Wolters Kluwer Survey Shows Preparedness Trending Upward for Corporate Transparency Act Compliance



Small businesses and legal and compliance professionals are increasing their levels of readiness to comply with new U.S. beneficial ownership reporting requirements, according to the results of a new poll by Wolters Kluwer CT Corporation. The results of the survey reflect responses from more than 5,100 attendees and those surveyed during a webinar hosted by Wolters Kluwer on Jan. 23.

When asked about their level of preparedness for meeting the new reporting rule, which took effect Jan. 1 as part of the Corporate Transparency Act (CTA), respondents said they are trending toward greater compliance, improving eight points compared to a similar poll Wolters Kluwer conducted in November. Twenty-six percent of those surveyed characterized their organizations’ readiness as between 75% to 100% in the January poll. The same question, when posed in November, indicated a level of just 18% readiness among 4,200 attendees.

“There is a noticeable uptick in the market, not only in terms of greater awareness but also in preparations among those who realize they are subject to the beneficial ownership reporting requirements,” Rupak Venugopal, vice president of beneficial ownership for Wolters Kluwer’s financial and corporate compliance division, said. “But despite this upward trend, there remains a considerable lack of awareness among impacted businesses, and we are working diligently to help change that dynamic through a growing ecosystem of partnerships that can provide secure and trustworthy resources to comply.”

The prevalence of respondents who indicated a total lack of preparedness dropped seven points, from 38% in November’s webinar to 31% in January’s poll.
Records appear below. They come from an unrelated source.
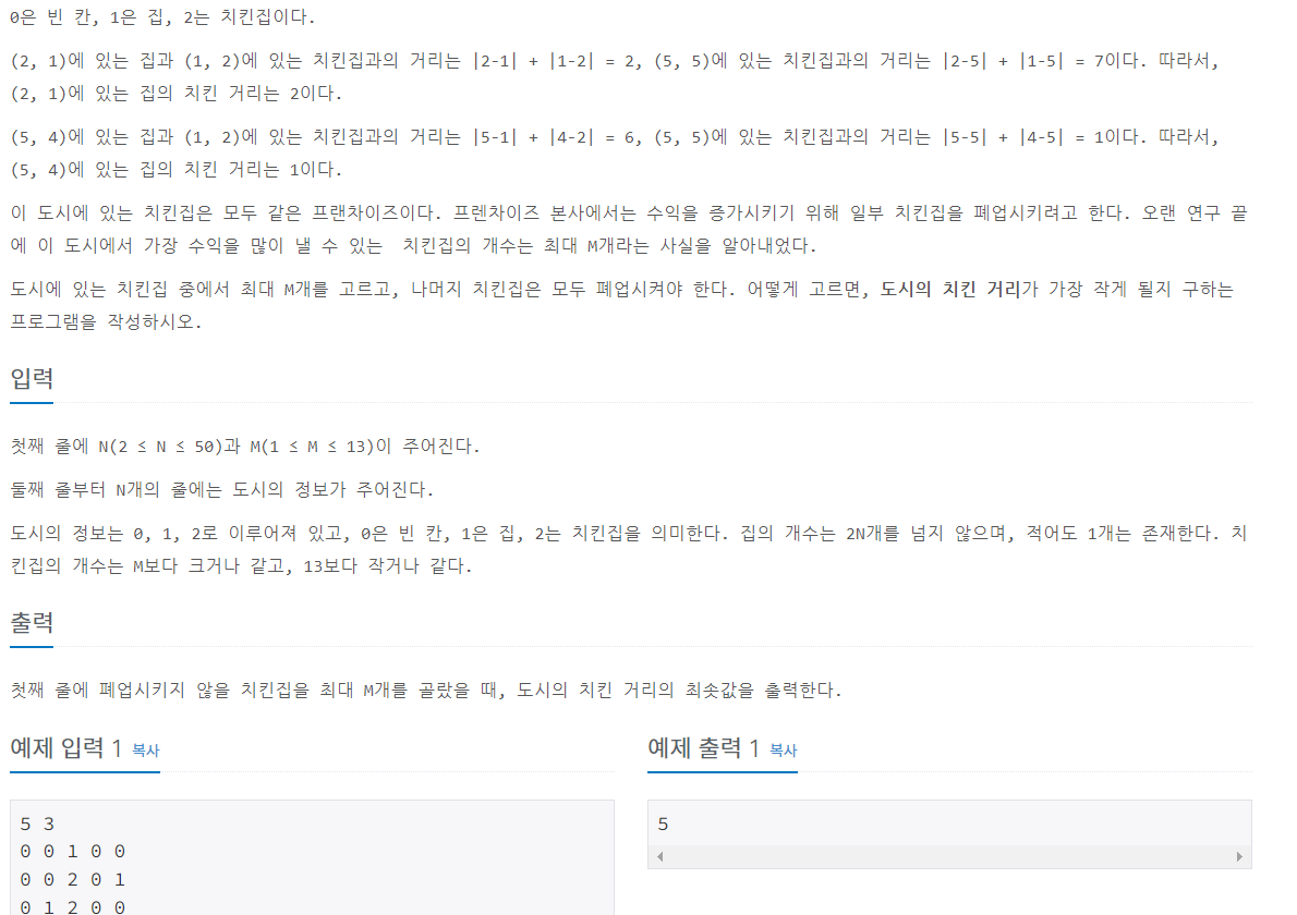 minSum += minValue # m개의 치킨집 중 가장 가까운거리 탐색
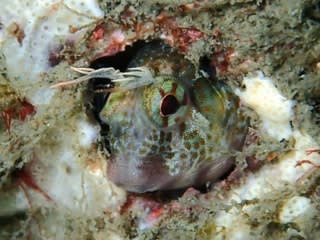 イソギンポのたてがみが、流れで横向きですが、大小いろんなサイズが顔を出し出迎えてくれました。
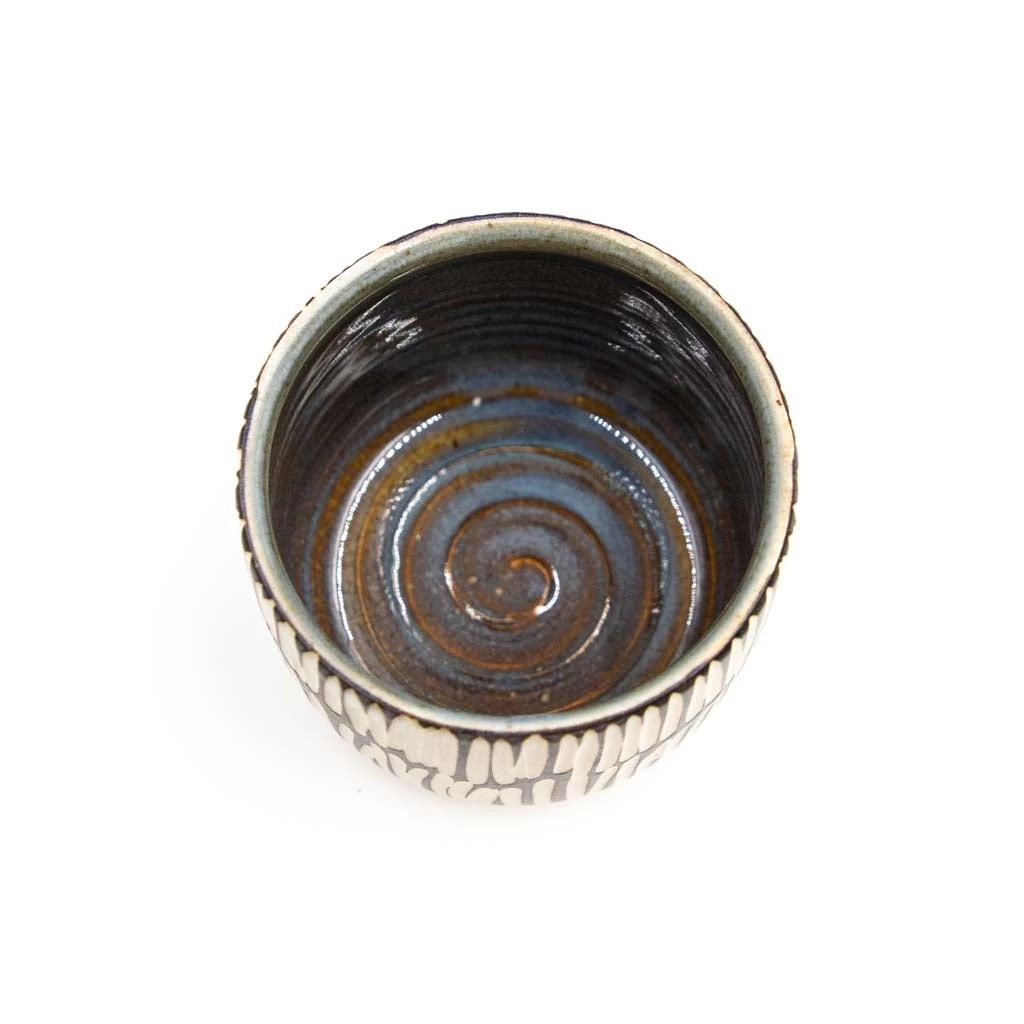 Hand-thrown porcelain stoneware ceramic cup with carved designs and a lifted foot.
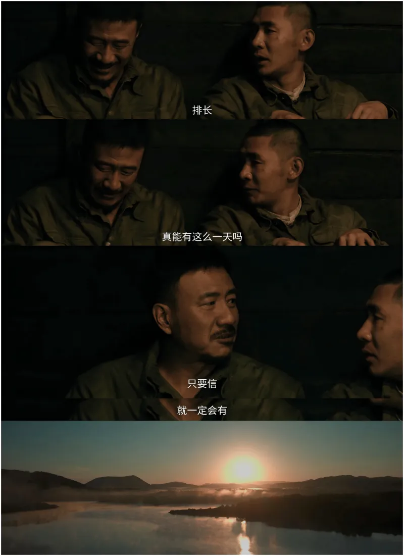 剧中,1941年,胡军主演的抗联老兵在苏联境内休整,他跟年轻战士展望未来的胜局:
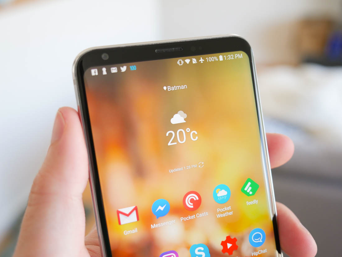 As is the case with most big-screen handsets, the V30 is less usable in one hand than the smaller G6. While its 18:9 6.0-inch display isn't as large as a traditional 16:9 6.0-inch screen, the display is still massive and the upper corners can be a challenge to reach single-handedly. With that said, I found the V30 to be very comfortable to hold and operate for its size; the curved edges help a lot in this regard. Users with smaller hands should probably steer clear though.
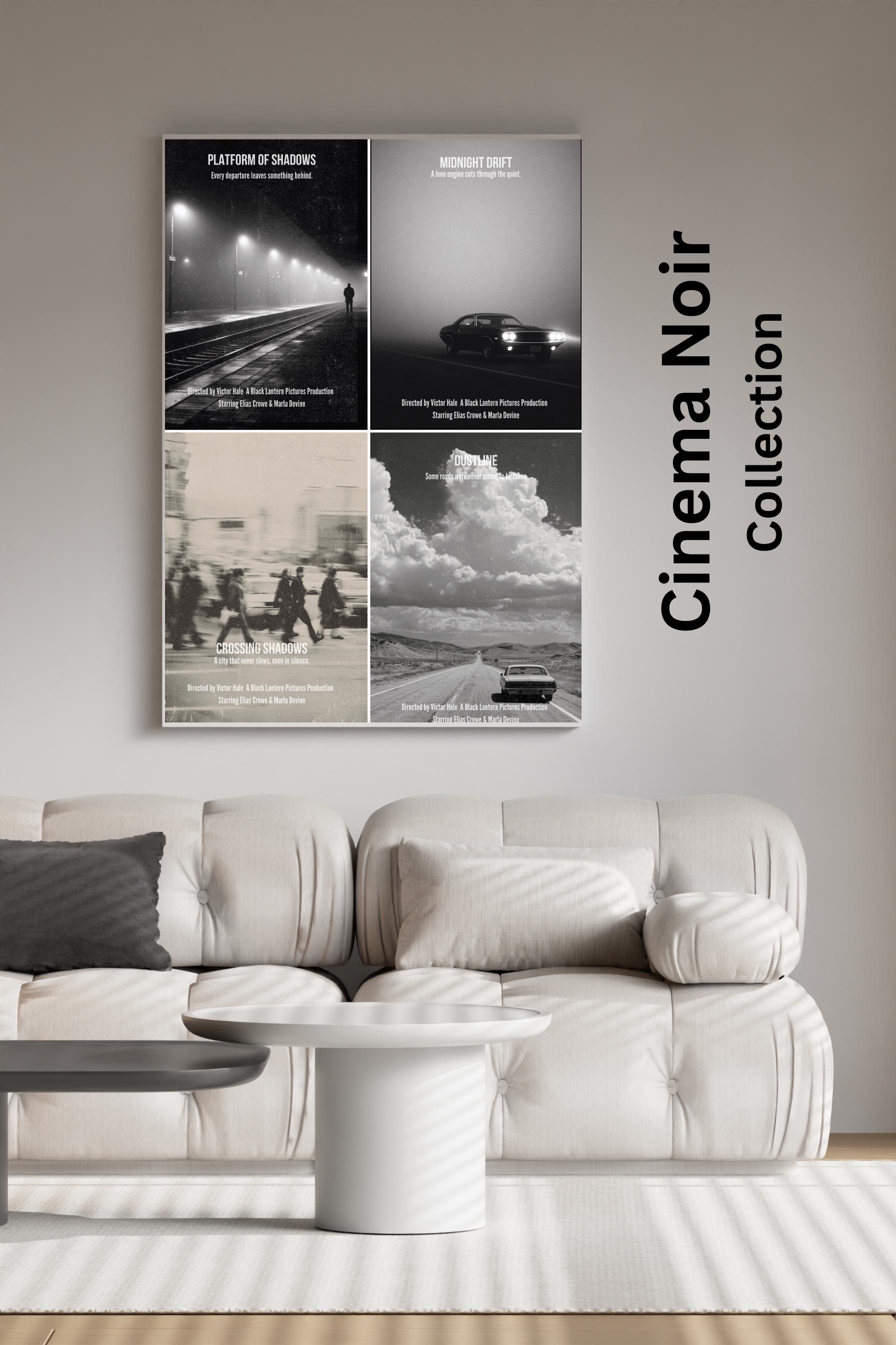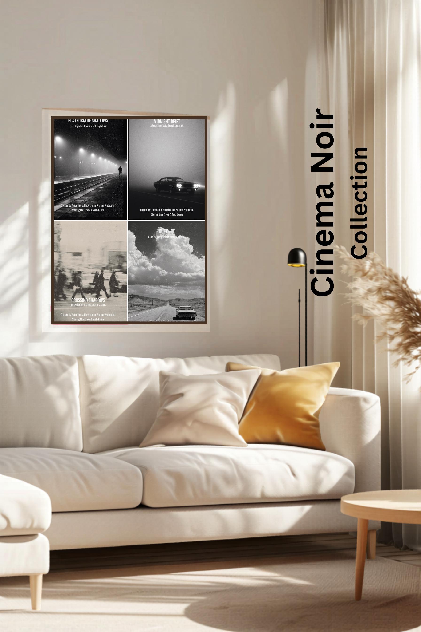 Step into the shadows with the Cinema Noir Collection, a set of original 1970's movies inspired designs that bring vintage cinema right to your walls. This movie wall art set is all about mood, character, and story, captured through dramatic black white art that feels like a lost archive from a forgotten studio.
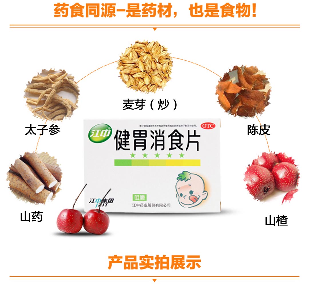 【药品成分】太子参、陈皮、山药、炒麦芽、山楂。辅料为蔗糖、糊精、枸橼酸、山楂香精、硬脂酸镁。
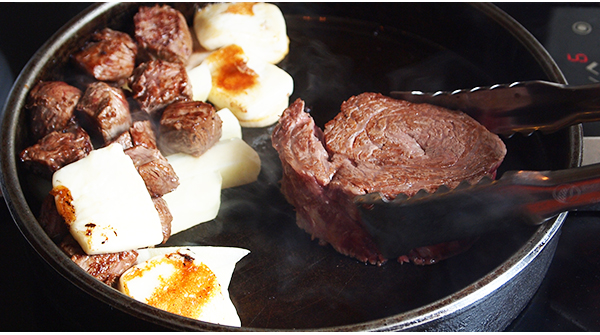 고기는 가장 대표적인 등심이나 지방이 적어 담백한 맛이 일품인 안심을 많이 찾는 편이다. 그 밖에도 살치살이나 특수부위를 한정 판매로 선보이기도 한다. 특수부위는 당일 선별한 것들로 구성이 되는데 치마살, 토시살, 제비추리 등이 있으며 선도가 만족스럽지 못한 경우에는 판매를 하지 않는 정책을 고수하고 있다. 숯불 직화 구이가 아닌 인덕션으로 굽는데 열을 오랫동안 유지할 수 있도록 불판도 따로 주문 제작했다. 주문한 고기는 숙련된 스탭이 각종 도구를 이용해 적당한 상태로 구워주며 인덕션의 코팅효과 덕에 숯불과 달리 고기가 마르지 않고 마지막 한 점까지 풍부한 육즙을 즐길 수 있는 것이 특징이다.
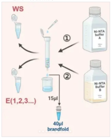 用 Ni-A 緩沖液洗去雜蛋白(收集 WS樣本),再用 Ni-B緩沖液洗脫目的蛋白(收集E樣本),通過(guò) Bradford 試劑監(jiān)測(cè)至無(wú)雜蛋白釋放。

Both polls, however, showed substantial increases in readiness levels compared to a Wolters Kluwer survey from mid-2023, when 74% of respondents representing companies potentially subject to the reporting requirement indicated they had only become aware of the rule “by having taken the survey.”

The U.S. Treasury’s Financial Crimes Enforcement Network (FinCEN) estimates that the rule will impact approximately 32.6 million reporting companies in 2024 alone, with 5 million new reporting companies formed and registered every year going forward. There are significant consequences for non-compliance, including fines of up to $10,000 and possible incarceration.